Firstly, as public awareness and interest in the sustainability agenda grows, there is the potential to cement existing consumer relationships, and build new ones, using social and environmental issues as communication channels (that’s the market share bit).  

Secondly, by doing the work to understand the sustainability impacts of a product, ways of reducing those impacts - and often saving money - become apparent.

Then, thirdly, there’s the bit about securing future supplies of raw materials: doing the right thing in terms of sourcing isn’t simply about a fair wage, it’s also about ensuring long-term continuity of supply.
So what does an authentic voice on social and environmental issues look like? How can you tell if a brand is serious about sustainability?

Of critical importance is the need to demonstrate, visibly, that taking sustainability seriously doesn’t mean business as usual.  There needs to be evidence that as a result of confronting sustainability head-on, some things have changed, such as taking some products - the sustainability villains - off the shelves.
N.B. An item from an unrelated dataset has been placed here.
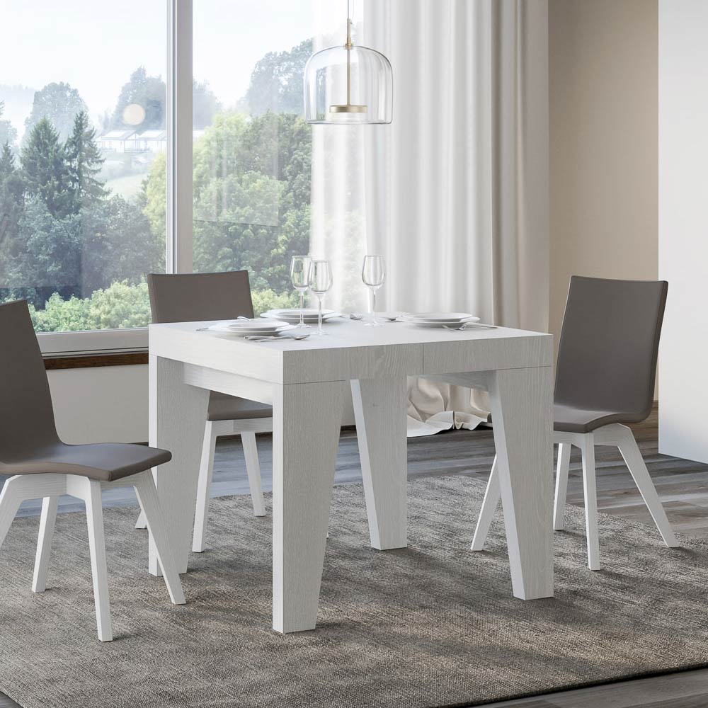 Jídelní stůl rozkládací vyrobený zmikročástic dřeva, výhradně vyrobeno v Itálii. Postupně lze vkládat nástavce, které umožňují mezidélkové konfigurace, takže si můžete vybrat, zda jej budete používat s jedním, dvěma nebo třemi nástavci podle svých prostorových potřeb. Pokud se nástavce nepoužívají, měly by být uloženy jinde a nenacházet místo v konstrukci stolu.

Both B&Q and John Lewis in the UK have stopped selling patio heaters – which lets face it, aren’t part of a sustainable future (a jumper will always be the low-carbon option).

Honesty is also important.  Communicating the challenges and dilemmas associated with a journey to greater sustainability helps build credibility.  Never believe the brand or business that claims overnight sustainability, it just isn’t possible. Businesses such as Exxon, which have had a more recent conversion to sustainability, need to be very honest about the huge challenges they face in switching from an inherently unsustainable business model (oil is running out, right?) to one with renewable technologies at its heart.  

Finally, there need to be absolute targets for reductions in key impact areas, from water, to carbon, to waste.  Normalised targets - units of carbon emitted per area occupied, for example - as the sole measure of a brand’s performance have had their day.

These clever numbers all too easily communicate efficiency improvements, but can disguise an increase in the brand’s overall footprint.  And the argument that ‘we’re a growing business’ doesn’t wash.

That’s the whole point – we absolutely have to decouple economic growth from environmental impact if we are going to get close to the 80-90% reduction in carbon emissions the developed world needs to achieve by 2050.

We are currently in the middle of a market transformation, from niche and green to mainstream.  That’s not to say the niche and the green are not important, they are, and their very existence has paved the way for the big players to engage with the sustainability agenda.

But niche and green won’t deliver the scale of the change we need to see.  Giving mainstream brands serious sustainability makeovers just might.